Finding Blessings, Even With a "New Normal"
My husband Michael and I were big fans of the television show The West Wing. One could say that we watched it religiously. In the summer of 2001, one of the prominent storylines coursing through the weekly series was about President Jed Bartlet's struggle with multiple sclerosis. It was while watching the show one night that summer that I turned to Michael and said, "Maybe I have multiple sclerosis." For a number of months, I had not been feeling "like myself." I was often bone-wearingly tired. When I looked down, stretching my neck, it felt like electric shocks were coursing through my legs to my feet, and I often felt tingling and numbness in my legs and arms. Thus began a series of doctor visits and medical tests that did indeed lead to a diagnosis of multiple sclerosis.
As I have come to understand, multiple sclerosis is an autoimmune disease affecting the mylene sheath surrounding the brain and spinal column. For whatever reason, perhaps set off by a virus and perhaps related to genetic issues, the immune system begins attacking the sheath, creating scleroses, or lesions, in which the sheath is damaged – thus the name “multiple sclerosis.”

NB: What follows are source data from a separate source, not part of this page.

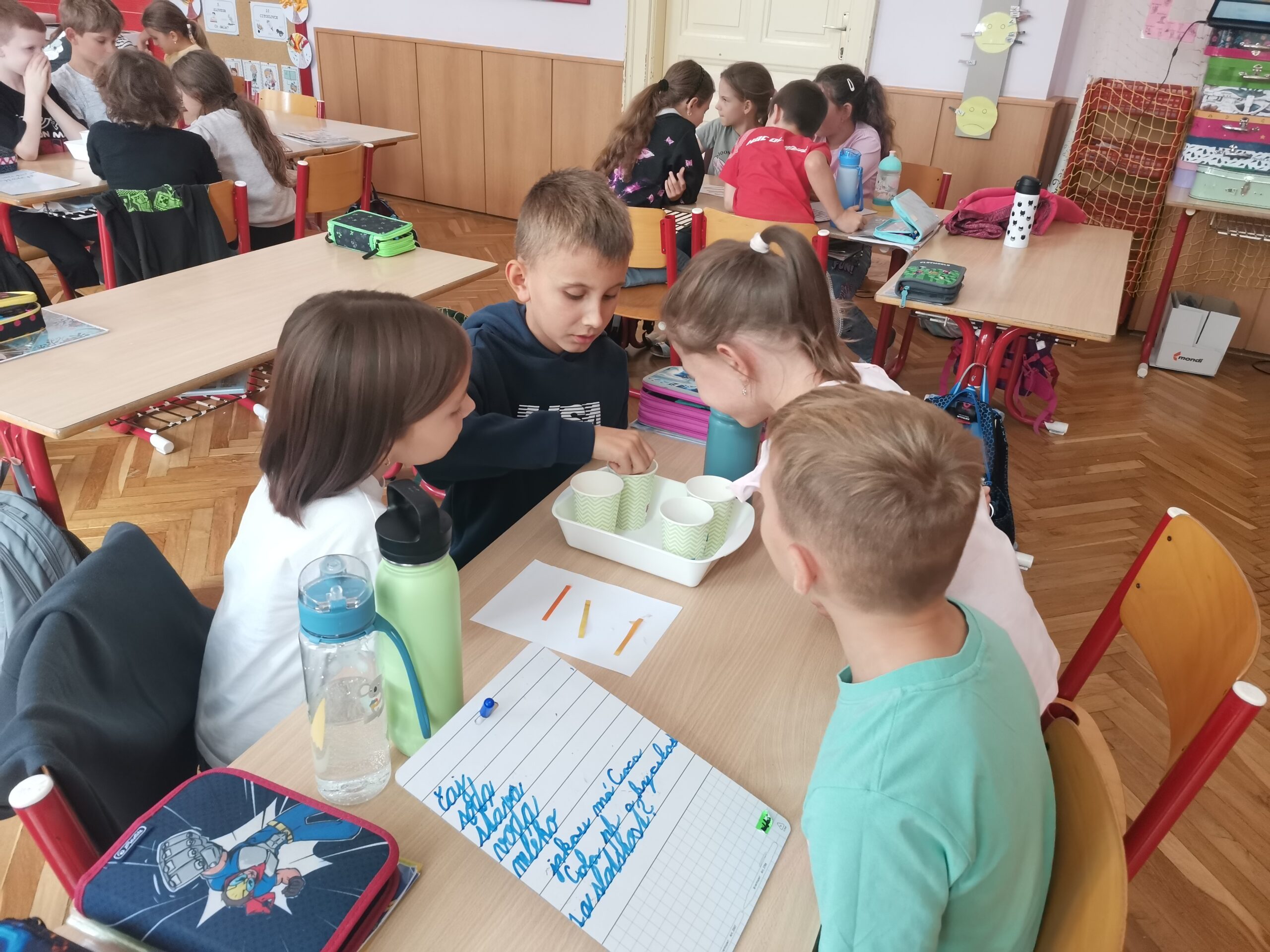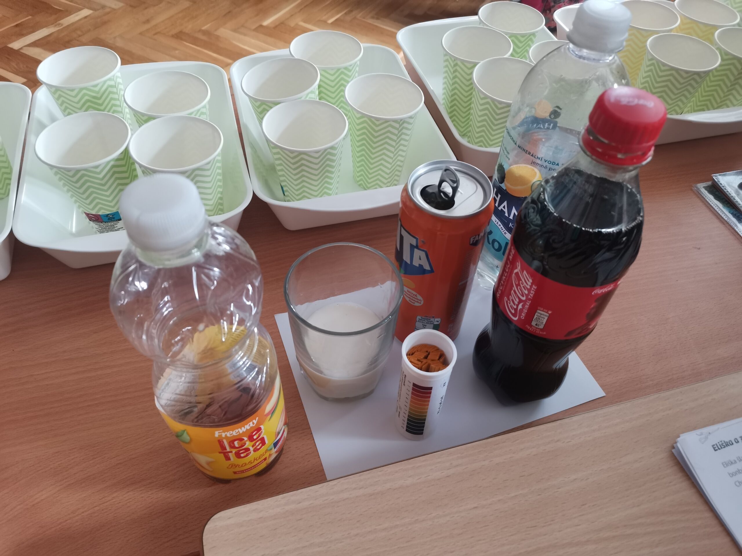 V rámci této lekce se žáci stali malými vědci. Pomocí indikátorových proužků testovali pH různých nápojů (džusy, čaje, mléko, limonády, vodu) a porovnávali jejich kyselost či zásaditost. K překvapení mnohých se ukázalo, že některé sladké nápoje měly velmi nízké pH, což je činilo kyselejšími, než se na první pohled zdálo. Kromě chemické podstaty se lekce zaměřila i na praktické dopady zjištění. Děti přemýšlely o vlivu kyselých nápojů na zubní sklovinu a zdraví. Každý žák také provedl měření u svého pití, které si donesl na svačinu, a vyhodnotil, zda patří mezi zdravé či nikoliv.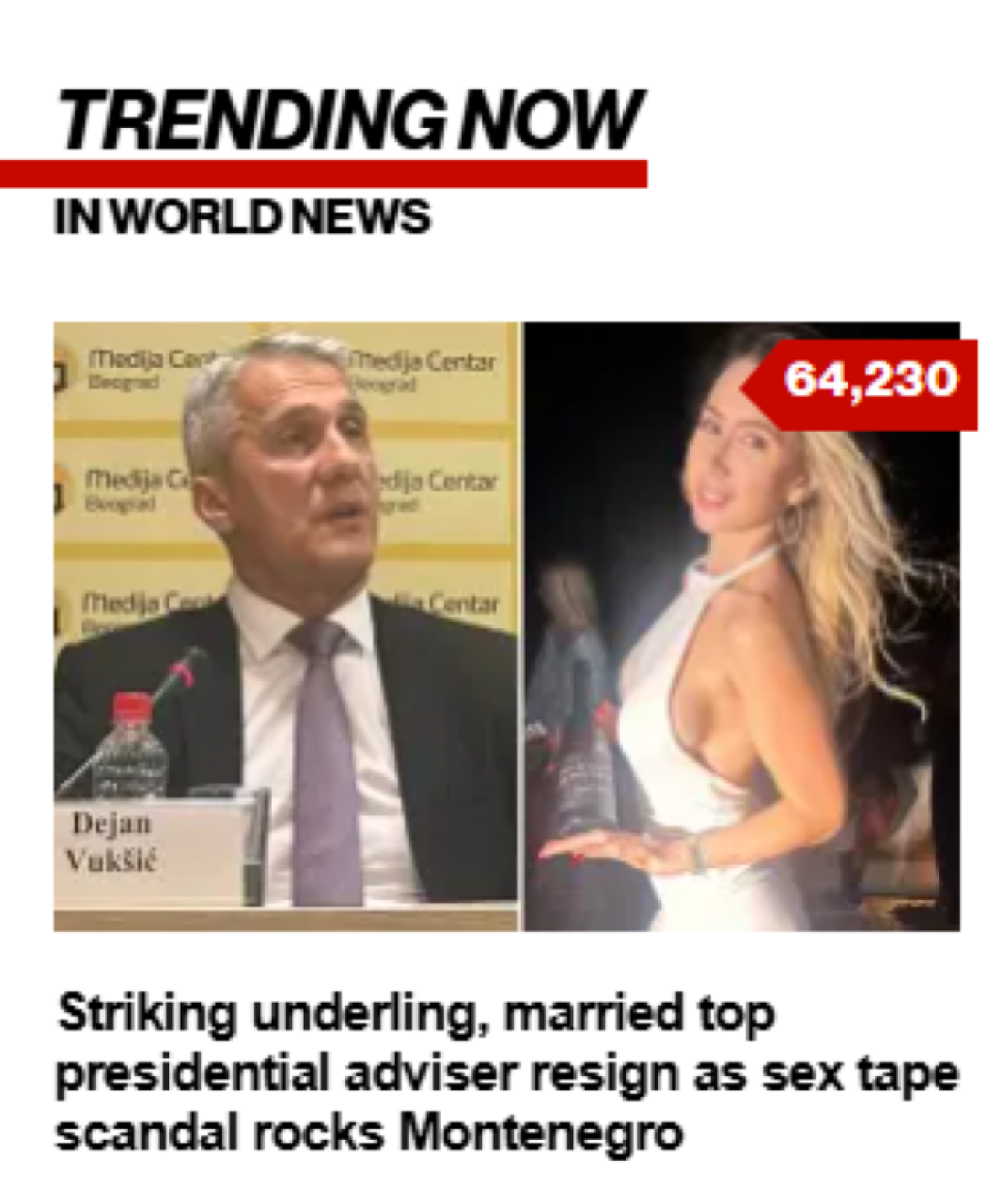 Seksualni skandal u Crnoj Gori, u kojem su glavni akteri bivša državna sekretarka u Ministarstvu ljudskih i manjinskih prava Mirjana Pajković i bivši direktor ANB-a Dejan Vukšić, privukao je pažnju svetskih medija.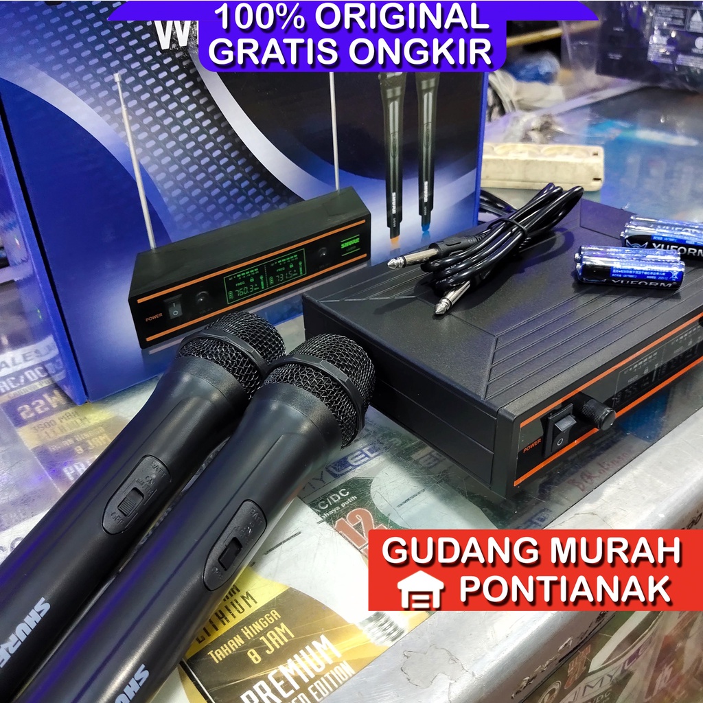1bh resiever 2bh mic pegang 1bh kabel audio output Free baterai AA Frequency UHF jarak bisa pakai sampe 40m suara bagus, jernih dan bersih, empuk cocok buat karaoke, MC, pidato dan laen2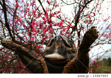 +梅の花をバックにハレルヤ〜♪+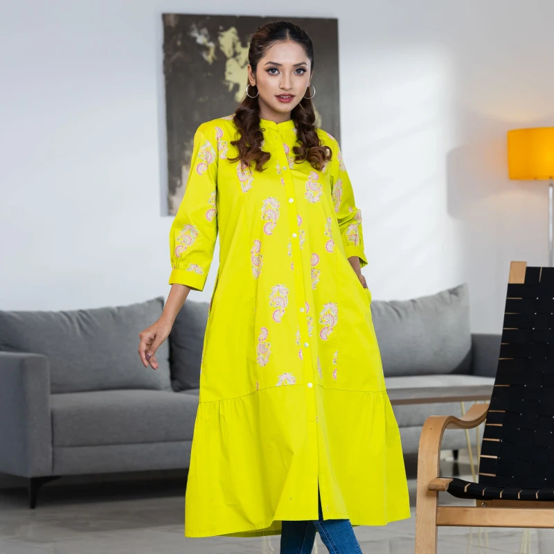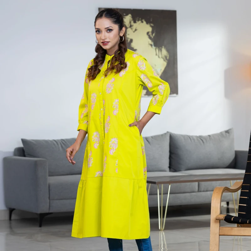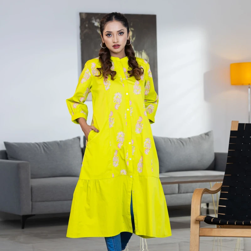 This multi-color ethnic average kurti is perfect for adding a pop of color and vibrancy to your wardrobe. Made with high-quality fabric, it provides comfort and style for any occasion. Stand out from the crowd and embrace your unique style with this kurti.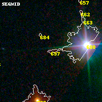 Object #697 x,y = (2679, 4380) RA, Dec = (04:54:14.760, 02:56:15.00) = (73.56150, 2.93750) BPZ = 6.909 [6.374--8.258] type = 11.00 (SB11_A_0_l) chisq2 = 0.72 ODDS = 0.44 z_cluster = 0.203

There are four types of MS. Relapsing-remitting, which I have, is the most common, diagnosed in approximately 85% of patients with MS. There seems to be no rhyme or reason to symptoms, which come and go in a way that is often unrelated to the lesion activity registered by MRIs. Within this category, perhaps a third or more patients are diagnosed with benign disease, as I am. In other words, my symptoms are not debilitating and have never caused significant disability. I have never opted to take any of the various drugs on the market to combat MS, believing, in consultation with my doctors, that the possible side effects from the drugs would only be warranted if I reached a point when I was not able to function "normally" due to the disease.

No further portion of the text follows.